You can choose a countertop or floor-standing business machine based on the volume of products you want to sell. It also comes down to the amount of space available.

Countertop machines are often chosen restaurant equipment for businesses that plan on serving a limited number of people at a time. Such examples are events that only open on weekends, or for those with limited space.

Floor model machines have a bigger output capacity and may be more suited to an ice cream shop or dessert shop.

Types of Condenser

Benefits of Water Cooled Soft Serve Ice Cream Machines

Water-cooled soft-serve machines use water to cool the condenser, allowing the refrigerant to cool it down as efficiently as possible. If you have a high-volume business, more than one soft serve machine in a single location, or a small space where heat output from an air-cooled machine could be a concern, we recommend a water-cooled soft serve machine.

  • If your soft serve machine will be used outdoors in heated circumstances, such as a pool deck, it must be water-cooled.
  • Removes heat from the area around the machine and into the room.
  • Cools ice cream as quickly as possible for a consistent, food-safe product.
  • The process is less noisy, resulting in a more soothing consumer experience.

Benefits of Air Cooled Soft Serve Ice Cream Machines

A soft serve machine that is air-cooled works by forcing heat away from the machine so that the refrigerant can recirculate and keep the product cold. You'll need plenty of room around the machine for the heat to escape.

  • Ice cream stays frozen and ready to serve in an instant.
  • There is no need for a water supply pipe or a drain.
  • Machine location and mobility are both convenient.
  • Installation is simple; no plumbing is required.

Commercial Ice Cream Machines: Air Cooled vs. Water Cooled

Because they do not require a constant water supply, air-cooled machines are more adjustable in terms of location but because they rely on a vent system to remove heat from the machine and bring in cool air from outside, the vents must always be clear.

Commercial ice cream makers that are water-cooled. They circulate cold water through their internal components. As a result, when high-volume output is required, water-cooled solutions are excellent. This is despite the fact that they almost always necessitate a constant water supply and the installation of a drain.

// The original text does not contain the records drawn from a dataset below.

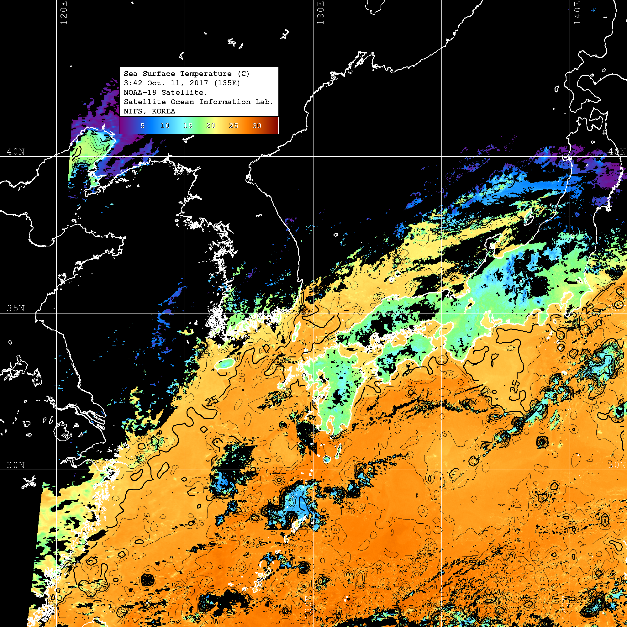 o 영상 시간 및 수온분포는 범례를 참고하시기 바랍니다.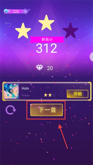 4、关卡结束后,点击【下一首】按钮,挑战新乐曲,解锁背景,丰富体验,积累分数。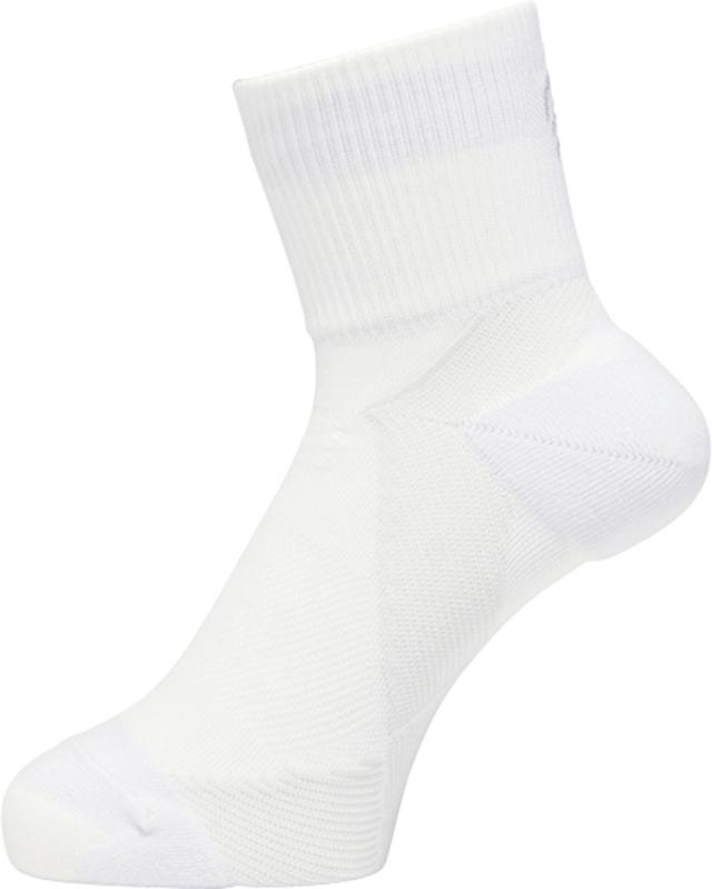 足裏にある3つのアーチをサポートするテーピング構造を持ったソックス。足裏の内側縦アーチ、外側縦アーチ、横アーチをサポートして、足にまつわるトラブルの原因となりやすいアーチの崩れを軽減。アーチを支えることで、着地時に脚にかかる衝撃を吸収するだけでなく、足裏アーチがバネの役割を果たして推進力をもたらします。ソックス内側のつま先とかかと部分は、クッション性の高いパイル構造に。つま先は、強度の高い糸に切り替えて補強しています。くるぶしがしっかり隠れるクォーター丈。環境への負荷に配慮してリサイクル素材を使用しています。特許登録済み(特許番号:5704860号)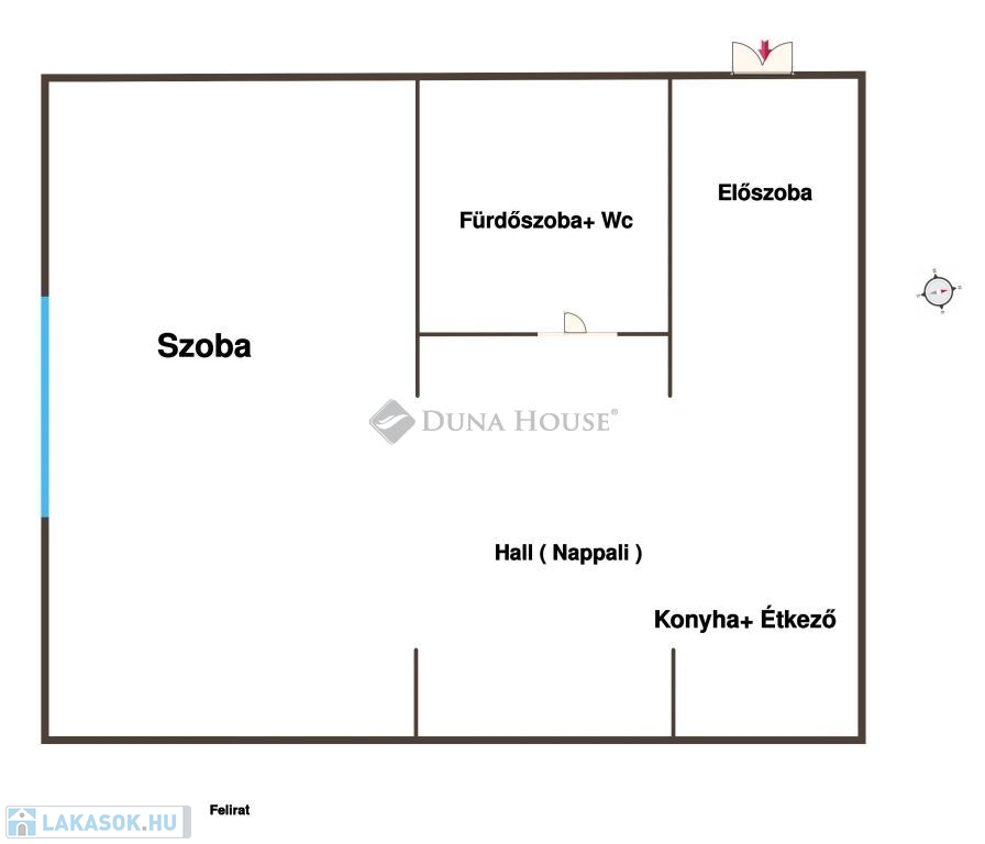 -1 szoba, hall, étkező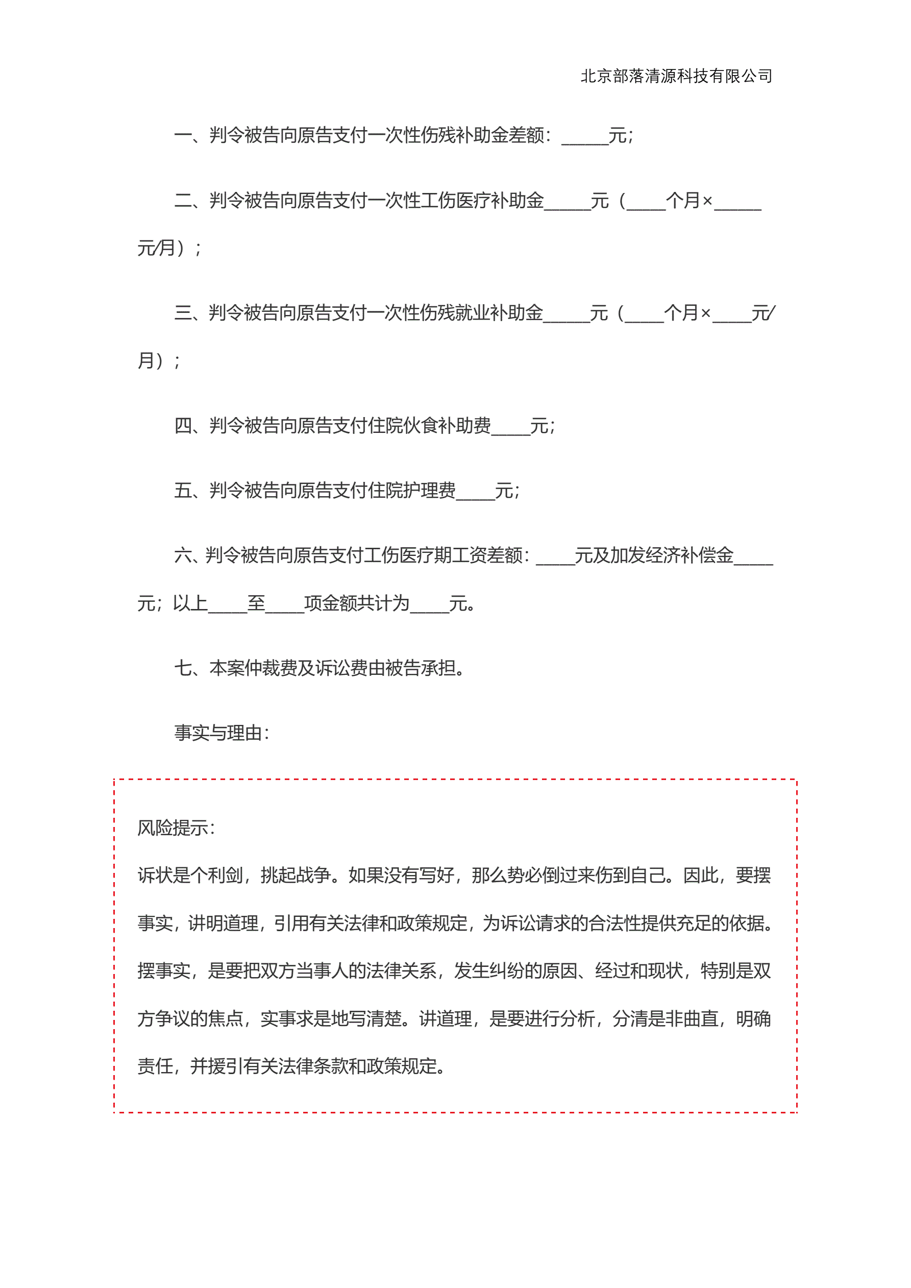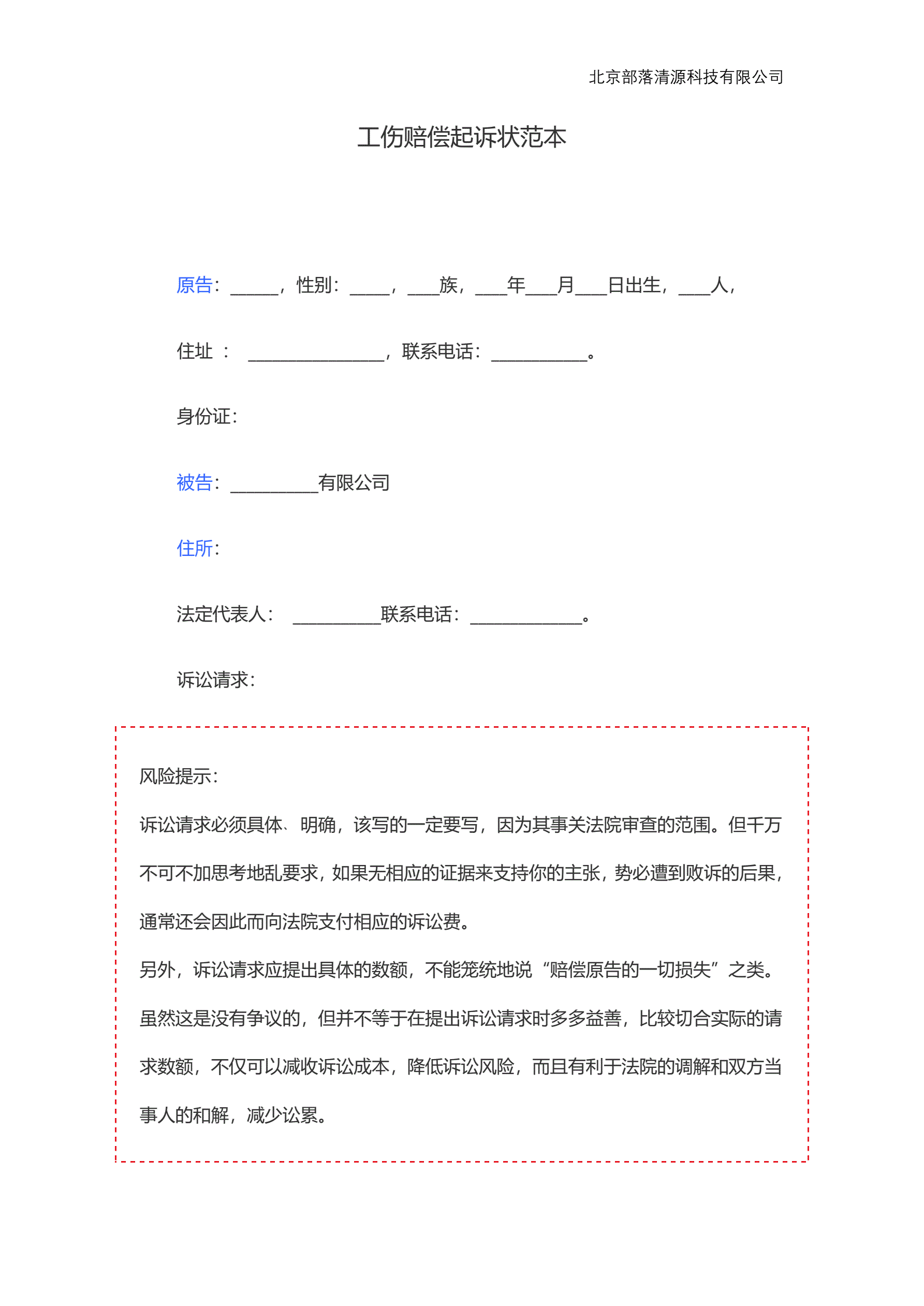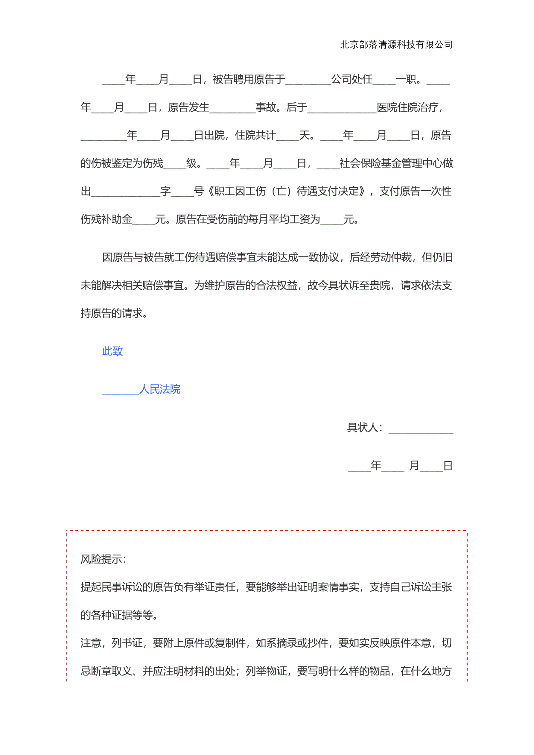 工伤赔偿起诉状范本

Ice Cream Machine Special Features

Many machines include a variety of extra features that increase the quality of your hard and soft-serve ice cream while also making the production process easier.

Hopper Accelerator

A hopper agitator, which is available as an option on some high-end machines, slowly stirs the product in the hopper to improve product consistency and prevent product separation. Although the substance must still be blended before being poured into the hopper, the agitator eliminates the need to manually agitate the product throughout the day.

Pasteurizer

A batch freezer with a pasteurizer is essential for creating homemade ice cream because it ensures the mix reaches a temperature that kills any hazardous bacteria and is safe to eat. Many batch freezers include a 2-in-1 configuration in which the mixture is heated and pasteurized in one cylinder and then frozen in another.

Air Pump

During dispensing, an air pump injects air into the ice cream to increase overrun. Aside from producing a lighter, creamier product, the air pump enables you to use less ice cream mix while providing more cones, so saving money.

What is Overrun?

Overrun is a significant factor in both ice cream manufacturing and the decision-making process for which unit to use. It is the quantity of air added to the ice cream mixture during the manufacturing process, and it is frequently expressed as a percentage.

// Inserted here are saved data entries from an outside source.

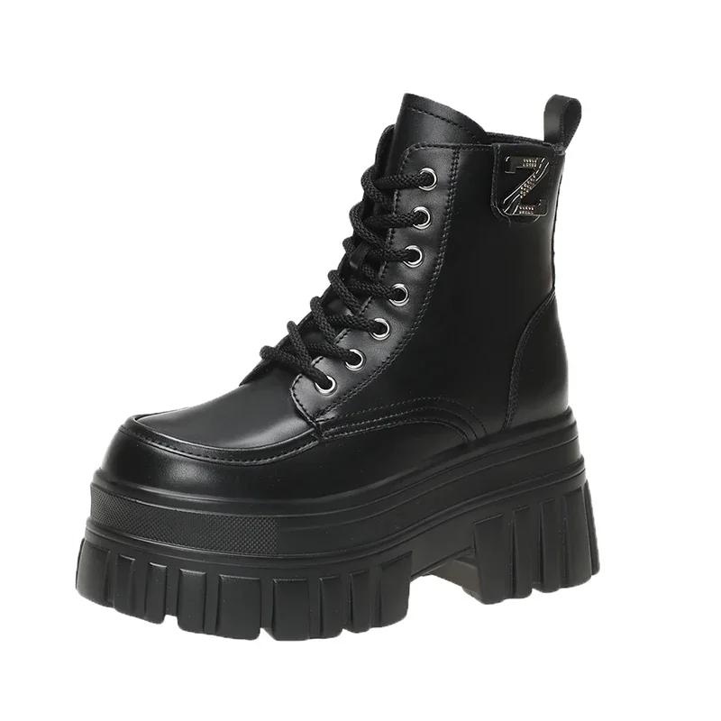 Мода 2024 Весна Осень Британский Стиль Ретро Черные Ботильоны для Женщин Новая Платформа Толстый Каблук Короткие Ботинки Высокий Каблук Женская Обувь 34 чёрный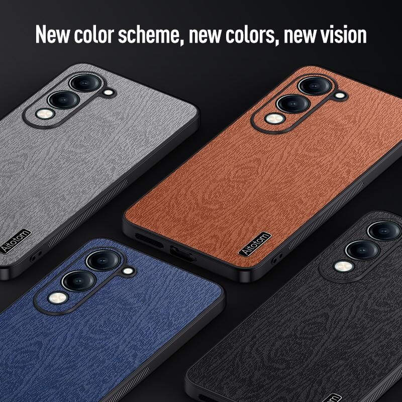 Θήκη κινητού τηλεφώνου για vivo Y04 Tree Bark Leather Shockproof (Μπλε)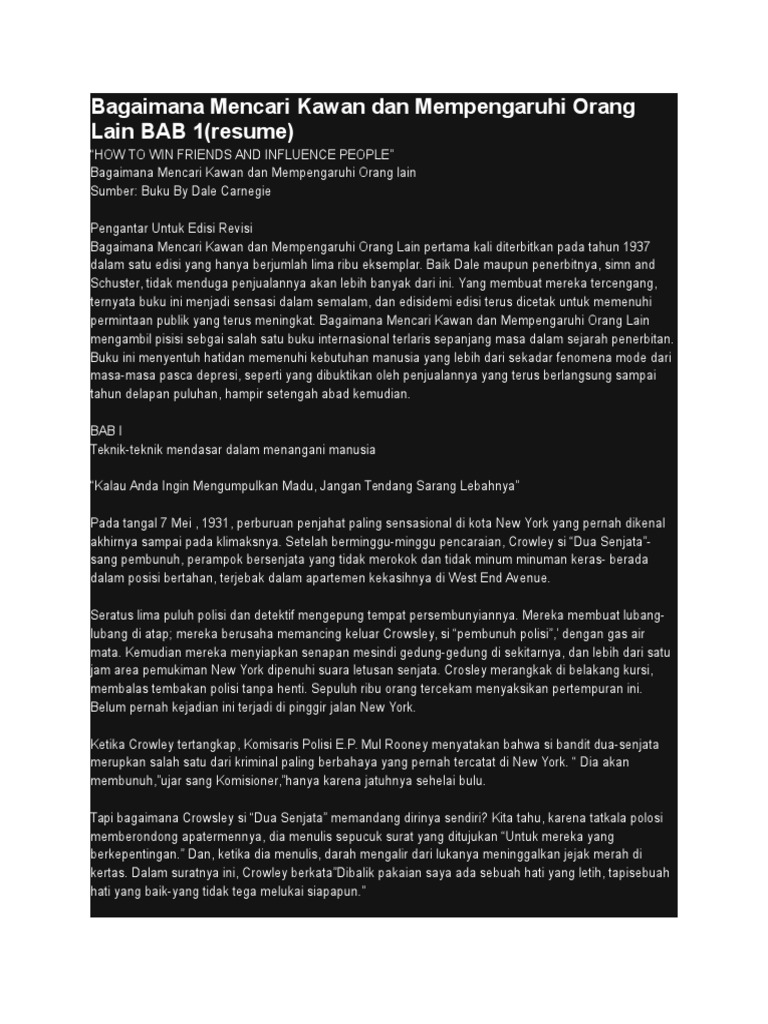 Bangkitkan minat pada diri orang lain. Mempengaruhi orang lain karya dale carnegie, tapi tidak banyak orang yang menjelaskan kepada saya buku itu berisikan apa aja, merka cuma mengatakan bahwa buku itu bagus untuk dibaca dan menjadikan kita bisa memperoleh teman yang lebih banyak. Terjemahannya bagaimana mencari kawan dan mempengaruhi orang lain. How to win friends and influence people bagaimana mencari kawan dan mempengaruhi orang lain sumber: Bag bagaimana mencari k awan wan dan mempengaruh ruhi oran orang lain.

To make good ice cream, gelato, frozen yogurt, and other sweet treats, your ice cream machine must produce a certain amount of overrun; as previously discussed, different types of commercial ice cream makers will add different amounts of overrun depending on the type of frozen dessert you're attempting to make.

This scenario will help you picture it more: If you make one gallon of soft serve ice cream with a 30% overrun, it means that 30% of the ice cream was combined into liquid form during production. As a result, you'll end up with 1.30 gallons of frozen soft serve. The bigger the overrun, the higher the product yield.